Stereo Vision, Re-envisioned
From stationary installations to rugged sensors for cars. And a quick look at one of the latest learning-based stereo vision algorithms.
Binocular vision for capturing 3D information is older than the human species itself and has done a good job of keeping us safe and aware of our surrounding environment. Stereo vision technology is old, really old. For example, consumer stereo film cameras pre-date the 1950s. It was only until the 1980s when personal computers became fast enough to complete stereo reconstruction at minutes per frame. Then, in the 1990s, digital cameras with CCD and CMOS sensors became widely available. A few more decades of development was required to get CMOS sensors to meet and exceed human eyesight performance (2–3 electron readout noise and 120 dB dynamic range) and special-purpose, automotive-grade ASICs for stereo reconstruction exceeding 30 FPS. Although the individual components of the stereo camera have greatly advanced since 1950, the mechanical structure of the camera has remained essentially the same — a thick and rigid multilayer supporting chassis that held fast the left and right camera assemblies. The chassis was often very short (less than 5–10 cm) lest any perturbation changed the position or orientation of the cameras. Stereo vision requires that the left and right cameras are row-aligned at the pixel level, so even a 1/100th of a degree shift in the relative orientation of the left and right cameras could completely ruin the output depth map.
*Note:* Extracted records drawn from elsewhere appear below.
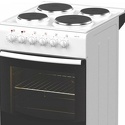 Тип конфорок: электрические • Рабочая поверхность: эмаль • Тип духовки: электрическая • Размеры (ШxВxГ): 500x850x560 мм • Цвет: белый • Конфигурация электрических конфорок: 2 x 1000 g 2 x 1500 g • Электрические конфорки: всего - 4 • Объем духовки: 50 л • Количество режимов работы духовки: 5 • Тип управления: механическое • Переключатели: поворотные • Ящик для посуды: есть
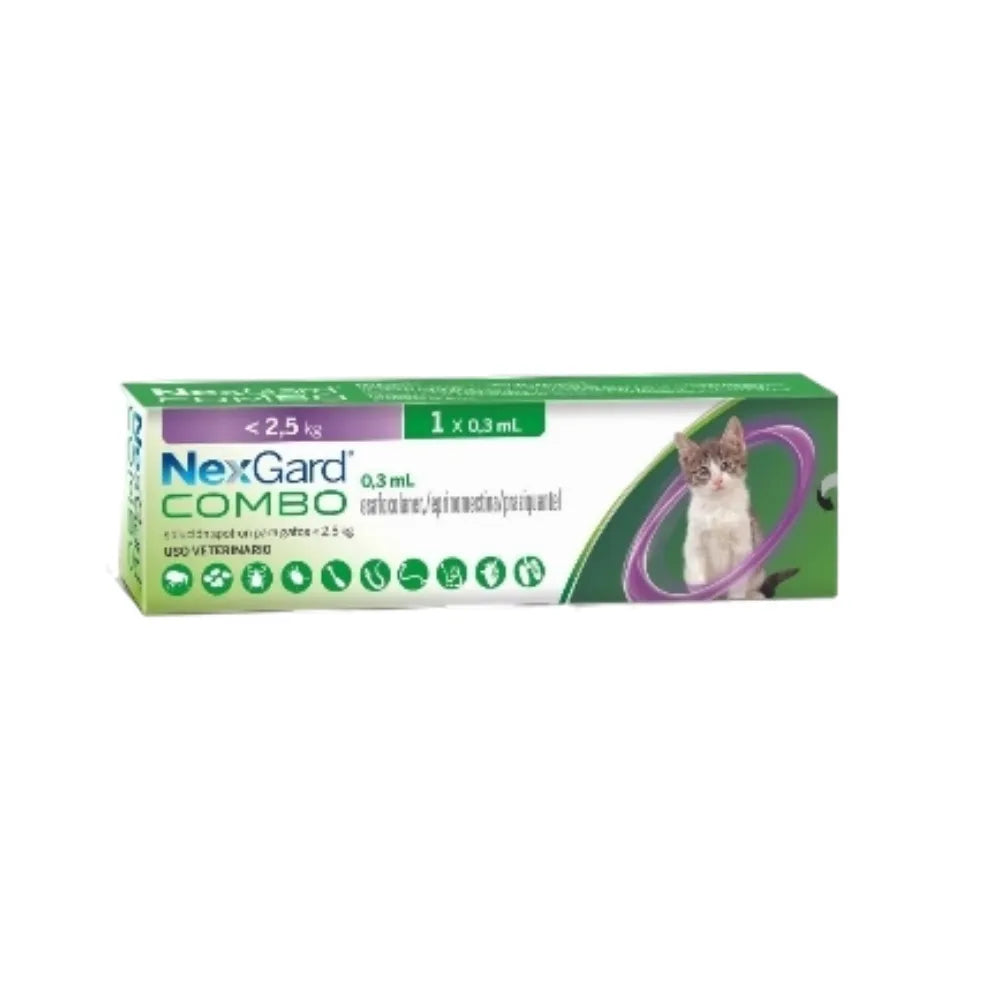 NexGard Combo Gato 0,8 – 2,5 Kg es un antiparasitario tópico de amplio espectro que ofrece protección mensual contra pulgas, garrapatas, ácaros, gusano del corazón y parásitos intestinales. Su aplicación en pipeta es segura y práctica, ideal para gatos pequeños y gatitos a partir de las 8 semanas.
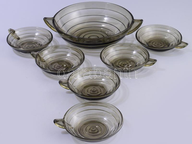 Art deco kompótos tál 6 pohárral. formába préselt, hibátlan d: 12 cm, ...
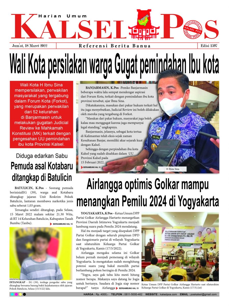 Wali Kota persilakan warga Gugat pemindahan Ibu kota. – Epaper Kalselpos 1597 kalselpos18 Maret 202224 Desember 2025121 views Kalsel Pos Berita Terkini, Kabar Terbaru Hari ini Banjarmasin Kalimantan Selatan dan Nasional Pos terkaitKUHP baru Lebih Untungkan Terdakwa, PN Barabai terapkan di Kasus PenganiayaanSampah Besar kiriman Hulu di Sungai Martapura, Berpotensi ‘hantam’ Jembatan67 ribu warga Terancam tak Terlindungi JKN
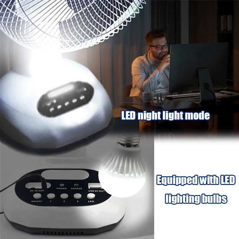Two 12-inch portable solar fans, shared 14400mAh battery, 10W solar input, USB charging port, three fan speeds, built-in LED lighting with an integrated bulb, durable plastic housing, UL-certified design, table-top ready for both home and travel use.
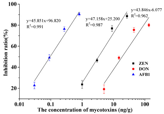The optimal mycotoxin calibration curves for the three mycotoxins in the detection assay.
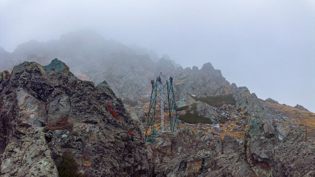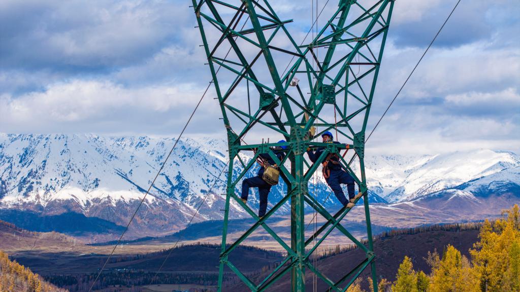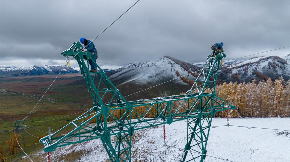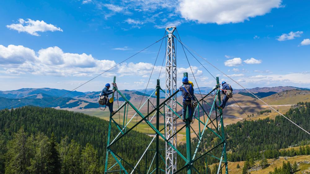 电力工人在阿尔泰山深处的铁塔上施工(9月3日摄,无人机照片)。工程建成投运后
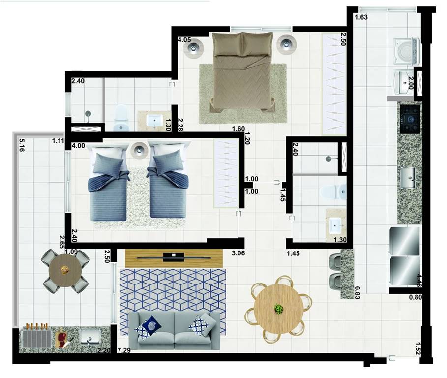Área Útil74,09m²
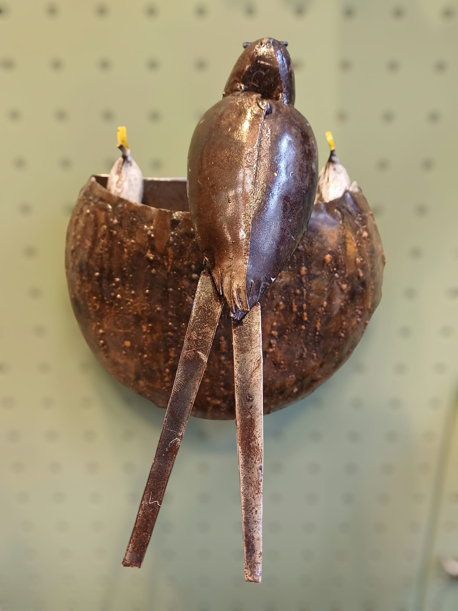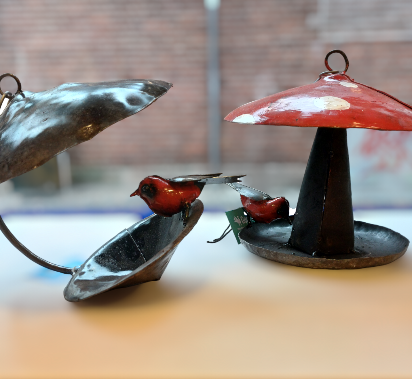De vogelvoederbakken zijn handgemaakt in Zimbabwe. Ze zijn gemaakt van oude olievaten, oude auto’s of andere restmaterialen. Op deze manier produceren zij hun producten met respect voor het milieu. Onze importeurs betalen niet alleen een faire prijs voor de artikelen, maar begeleiden de ondernemers ter plaatse. Denk hierbij aan veilig werken, goede gereedschappen, financiële planning, onderwijs faciliteiten en gezondheidszorg.
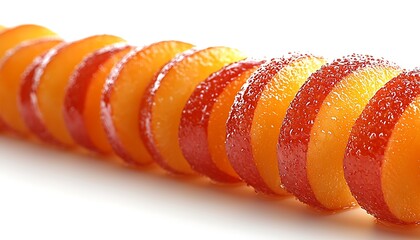 Succulent grilled peach slice in mid-air with a burst of sweet syrup creating a delightful confectionery scene
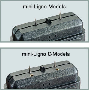 Lignomat offers mini-Ligno moisture meters in two variations. The standard mini-Ligno model is equipped with built in pins for handheld moisture measurements. mini-Ligno C-Models come with built in pins as well as connectors for use with external cables and electrodes.
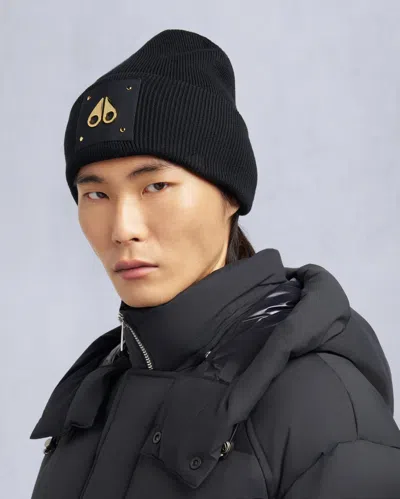 MOOSE KNUCKLES Gold Series Logo Icon Beanie In Black
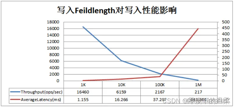 KeyValue大小对写入性能的影响巨大,一旦遇到写入性能比较差的情况,需要考虑是否由于写入KeyValue数据太大导致。KeyValue大小对写入性能影响曲线图如下:
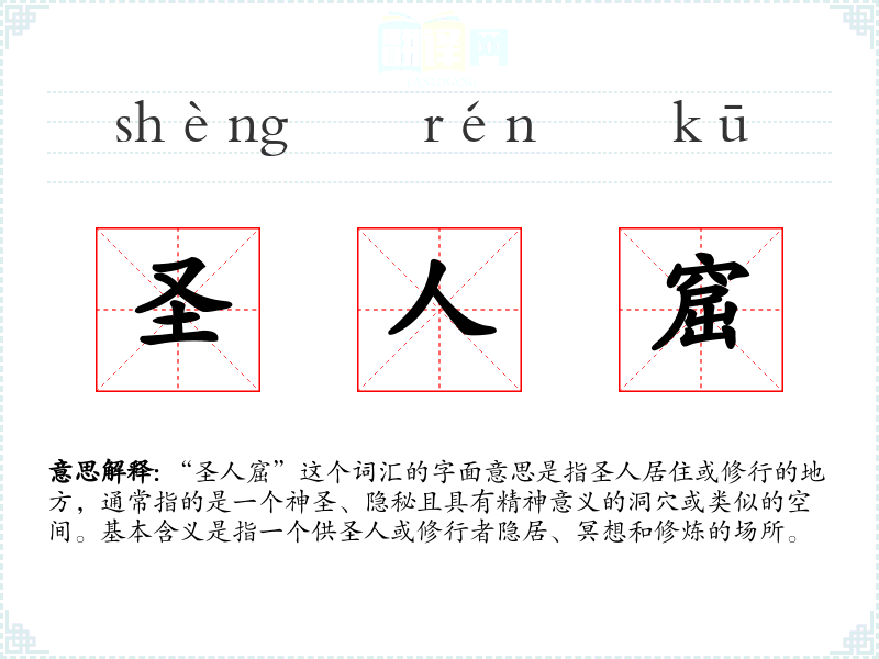 “圣人窟”这个词汇的字面意思是指圣人居住或修行的地方,通常指的是一个神圣、隐秘且具有精神意义的洞穴或类似的空间。基本含义是指一个供圣人或修行者隐居、冥想和修炼的场所。
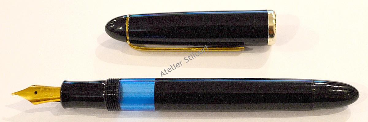 Acest stilou prezentat aici a fost gasit intr’un lot de stilouri avariate. Avea lipsa buton capac, lipsa penita si feed, cu mecanismul de incarcare avariat si lamela interna ruginita, inscriptiile sterse, sectiune penita sudata de corp. De ex, desfacerea sectiunii penitei de pe corp a luat vreo doua zile, alternand baie ultrasonic / incalzire / ultrasonic / incalzire, pana a cedat si a iesit.
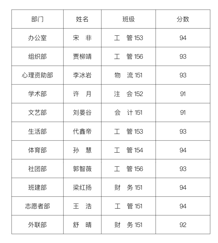 根据《高h小说 新星干事评选细则》,授予在2015-2016学年十月份高h小说 学生组织系统学生工作中表现突出的干事十月“新星干事”荣誉称号。特此公示,以资鼓励。
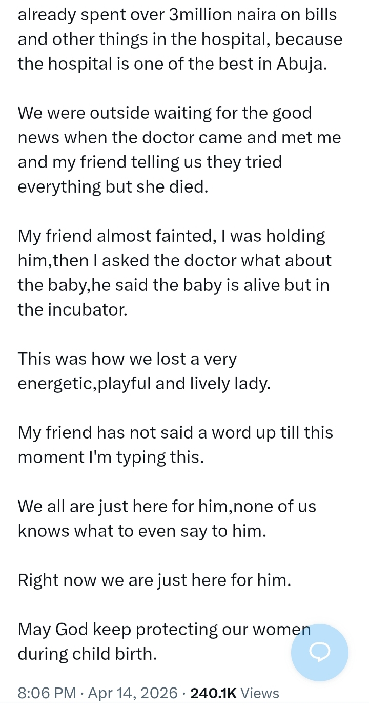 A Nigerian man has reportedly lost his wife during childbirth at a hospital in Abuja, in a heartbreaking incident that has left family and friends in shock.
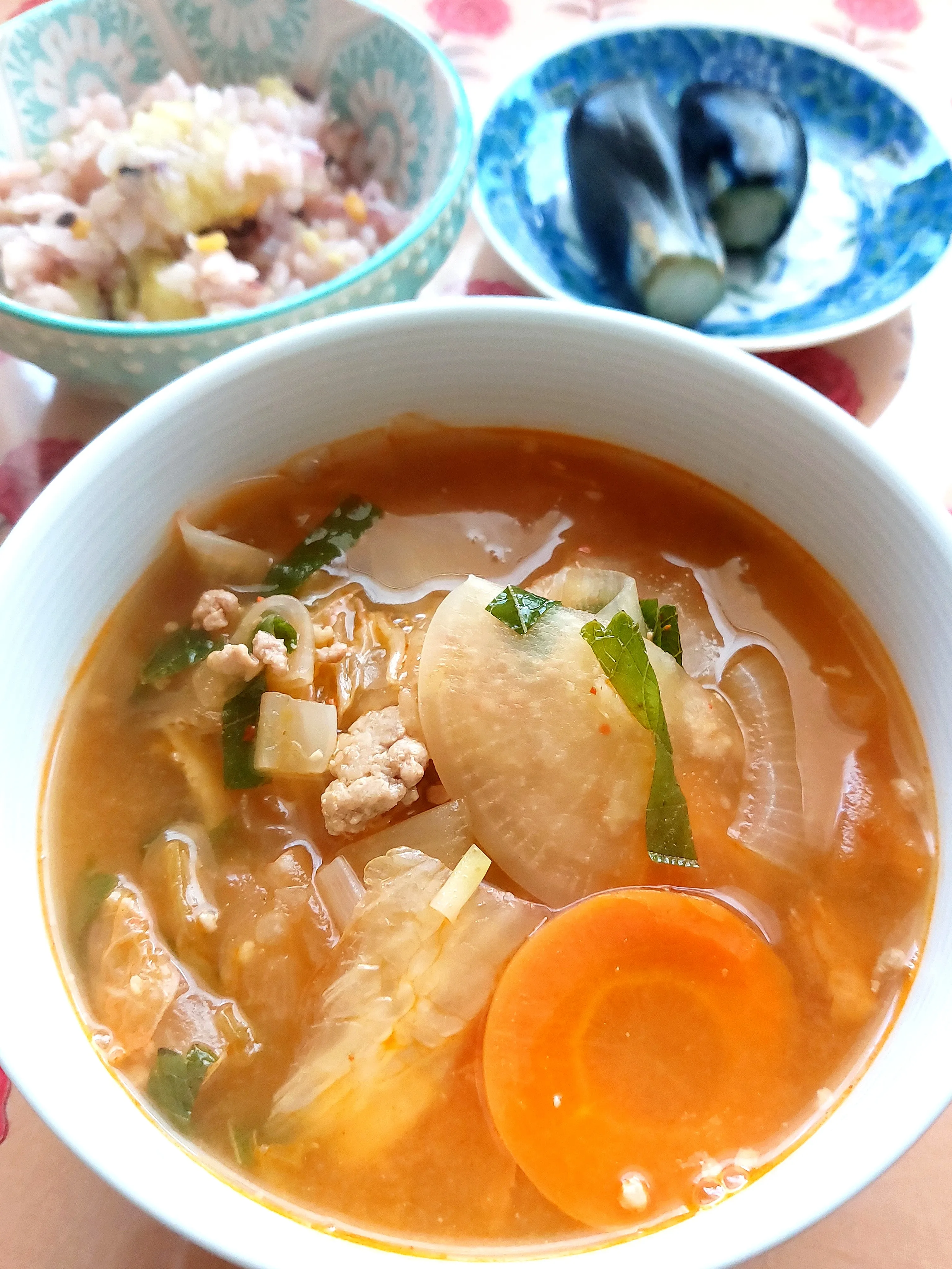 #キムチスープ #茄子漬け #さつまいもごはん #雑穀米

At NODAR, we realized that the Achilles heel of stereo vision was it’s extremely difficult alignment tolerances that could only be met in stationary settings, that is, laboratories, package inspection systems, manufacturing floor, or any facility where the cameras could be mounted on a solid, stationary surface in a temperature-controlled environment. By removing the requirement of hard-mounting between the left and right cameras, the untethered stereo vision system could be used in dynamic applications, such as cars, trucks, or robots that must operate outdoors, vibrate, experience shock and extreme temperature variations — and yet must still stay aligned for over 15 years! Instead of mechanically forcing the cameras into alignment, our system allows the cameras to move freely while our software tracks their positions (using only the vision feed), which allows us to dynamically correct the calibration in real-time and provide high-quality 3D data without any need for manual calibration.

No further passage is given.